Case Law Details
Kalpataru Agroforest Enterprises Pvt Ltd Vs Commissioner of CGST & CX (CESTAT Kolkata)
Introduction: The case of Kalpataru Agroforest Enterprises Pvt Ltd Vs Commissioner of CGST & CX revolves around the issue of a service tax refund claim associated with freight charges incurred for exports. It brings into light how the Central Excise and Service Tax Appellate Tribunal (CESTAT) evaluated a situation where the exporter bore the service tax cost.
Analysis: Kalpataru Agroforest Enterprises, the appellant, exported fly ash to Nepal and sought a refund for the service tax they paid on the freight charges. Two refund claims were filed, amounting to Rs. 68,842/- and Rs.70,096/- respectively. The authorities rejected these claims on the basis that the appellant received reimbursement for the Railway Freight from the overseas importer.
However, the CESTAT, in reviewing the case, noted that the total value realized from the overseas importer included the freight charges but did not account for the service tax paid by the appellant.
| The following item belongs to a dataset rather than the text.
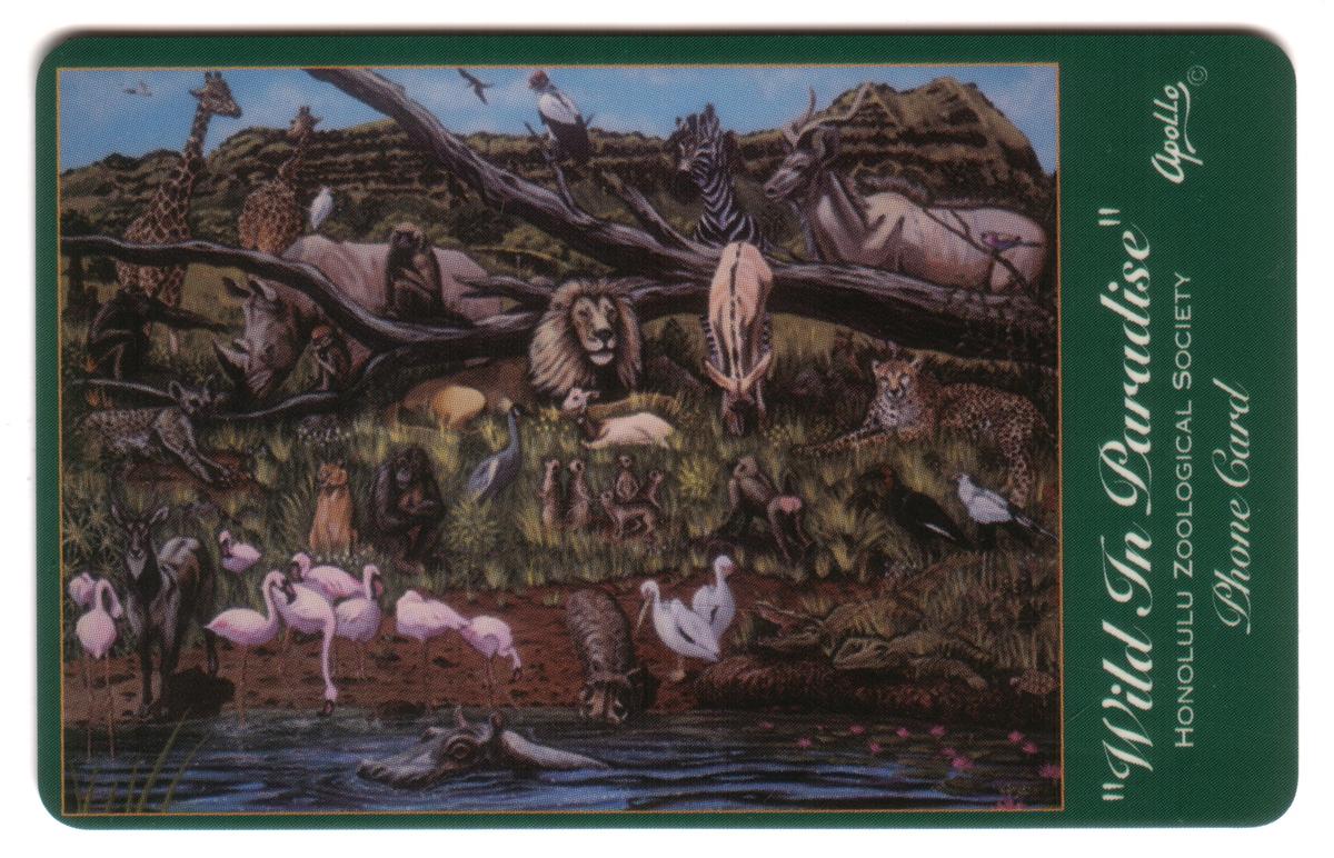 This collectible phone card features vibrant artwork titled "Wild In Paradise" created by Apollo, associated with the Honolulu Zoological Society (HZS). The design showcases a vivid assortment of exotic animals in a naturalistic setting, including flamingos, lions, zebras, monkeys, giraffes, tigers, and baboons. These animals are depicted with colorful details, giving a dynamic and lively impression of a wildlife scene, emphasizing the theme of artistic conquest long distance calls.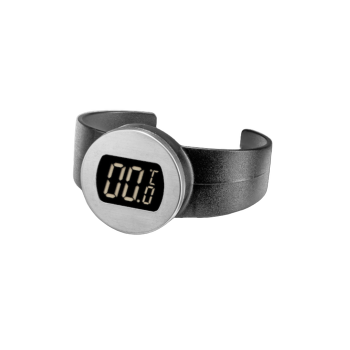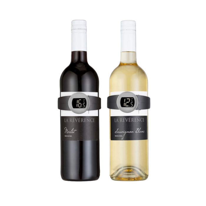 A red wine bottle warming sleeve with a silver clicker, designed to bring red wine to the perfect temperature.

Thus, the service tax had been borne by the appellant, not the overseas importer.
Conclusion: The CESTAT concluded that the lower authorities erred in rejecting the refund claims based on the erroneous assumption of reimbursement from the overseas importer. Since the appellant had effectively borne the cost of the service tax, they were entitled to the refunds claimed.
FULL TEXT OF THE CESTAT KOLKATA ORDER
The appellant has exported fly ash to Nepal and claimed refund claim of Service Tax paid by them for the freight charges incurred in these exports. The Appellants have filed refund claim for Rs. 68,842/-(Appeal No. ST/76964/2019) & Rs.70,096/- (Appeal No. ST/76962/2019). Both the authorities have rejected the refund claim on the ground that the appellant has received the reimbursement for the Railway Freight from the overseas importer. Being aggrieved by the same, the Appellants have filed the present Appeals before the Tribunal.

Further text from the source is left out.